Tickling, il piacere del solletico - Brescia Love & Sex Giugno 2021

Tickling è un termine inglese che significa fare il solletico. Vi starete chiedendo cosa centri fare il solletico con questa rubrica, ma quando si parla di ticking ci si riferisce ad una specifica pratica legata ad una forma di eccitazione sessuale che si verifica quando si viene solleticati o si vede qualcuno che viene solleticato. Esiste anche un termine specifico per indicare questo piacere, knismolagnia. Il solletico è sicuramente una pratica che tutte le coppie hanno sperimentato nella loro storia, aiuta ad entrare in intimità e, soprattutto agli inizi del rapporto, è un modo per romper il ghiaccio, iniziare a toccare e conoscere il partner in un clima giocoso. In questi casi farsi il solletico diventa una specie di preliminare divertente che può portare poi al rapporto sessuale completo. Attraverso la risata è possibile sbloccare alcuni freni inibitori e sciogliere alcune resistenze in modo da rendere il rapporto più intenso e libero. Solleticarsi a vicenda porta con se anche una dinamica di ruoli dove chi solletica assume un ruolo dominante e chi subisce assume un ruolo più passivo. Ci sono vari livelli e vari modi in cui si può praticare usando semplicemente le mani e le dita o utilizzando vari strumenti, come una piuma, per stimolare maggiormente le varie zone del corpo.

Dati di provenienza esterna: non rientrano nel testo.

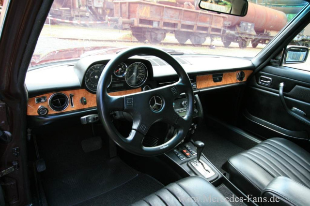 Der W114 verfügt über eine gehobene Ausstattung mit Automatik, Servolenkung, Klimaanlage, elektrische Fensterheber rundum, Colorverglasung, Kopfstützen und Gurte auch hinten. Obwohl in Japan Rechtsverkehr herrscht, werden europäische Luxusautos dort gerne als Linkslenker bestellt, vermutlich um den Flair des Europäischen nicht zu zerstören und die Besonderheit des Fahrzeugs zu unterstreichen, meint der Rheinland-Pfälzer.

Si parla di ticking vero e proprio (appartenente al mondo BDSM) quando il partner viene legato per fargli subire questa "tortura". Le persone amanti di questa pratica arrivano a sperimentare un’ eccitazione e una soddisfazione talmente intensa da arrivare all’orgasmo e non sentire la necessità successiva di un rapporto sessuale. In questo caso si accentua la dinamica dei ruoli e l’eccitazione provata è molto forte sia per chi riceve (ticklee) sia per chi gestisce il gioco (tickler).

In generale solletico porta con sé sensazioni molto intense legate al divertimento, al piacere ma anche al fastidio. Troppo solletico diventa fastidioso, insopportabile e addirittura dannoso. Come in tutte le cose bisogna trovare la giusta combinazione sperimentando insieme al partner le varie situazioni sempre in modo Sano, Sicuro, Consensuale.


Essendo una pratica poco conosciuta e poco studiata, ho chiesto ad un appassionato dell’argomento e gestore della pagina Instagram Solleticofilia_Italiana di rispondere ad alcune domande per farci conoscere la sua storia e comprendere meglio questo affascinante mondo.


Quando ti sei accorto di avere questa preferenza e da quanto tempo la pratichi?

“Mi sono accorto di avere questo fetish già da quando ero bambino. Sentivo già da allora che per me il solletico aveva un valore diverso dal semplice "gioco". Quando passavano in tv scene di solletico ne rimanevo affascinato. Poi con il tempo, ed anche grazie a internet, sono venuto a conoscenza del mondo del tickling. La mia passione aveva finalmente un nome e sapere che dietro al semplice solletico c'era un vero e proprio universo nascosto è stata una vera rivelazione per me. Lo pratico seriamente da tanto ormai”.


Come hai vissuto questa scoperta e come la vivi ora?

“Venire a conoscenza del mio fetish però non è stato facile. Per un lungo periodo ho pensato di avere una specie di "malattia", ho pensato di non essere normale e mi sono vergognato di questa cosa. Mi sono sentito "diverso" per gran parte della mia vita e questo modo di vivere la mia passione mi ha condizionato non poco. Oggi ho capito che in realtà non è né una malattia ne un qualcosa di cui vergognarsi. È solo un modo di vivere il sesso diverso da quello "convenzionale". Una volta presa questa consapevolezza ho iniziato a vivere molto meglio ed a godermi di più ciò che questa pratica può dare”.


In conclusione cosa diresti a chi si avvicina ora a questa pratica o che scopre di avere questo tipo di preferenza?

“Per chi si approccia a questa pratica per la prima volta non ho un consiglio preciso da dare. Penso che ognuno di noi vive la vita in maniera diversa e che non ci sia un modo giusto e uno sbagliato di affrontare la cosa. Posso solo consigliare di non viverla come un'anomalia. Piuttosto come una cosa che fa parte di se e ci rende unici , che ci distingue dagli altri! La diversità non è un male. Non lo è mai in nessun ambito!”.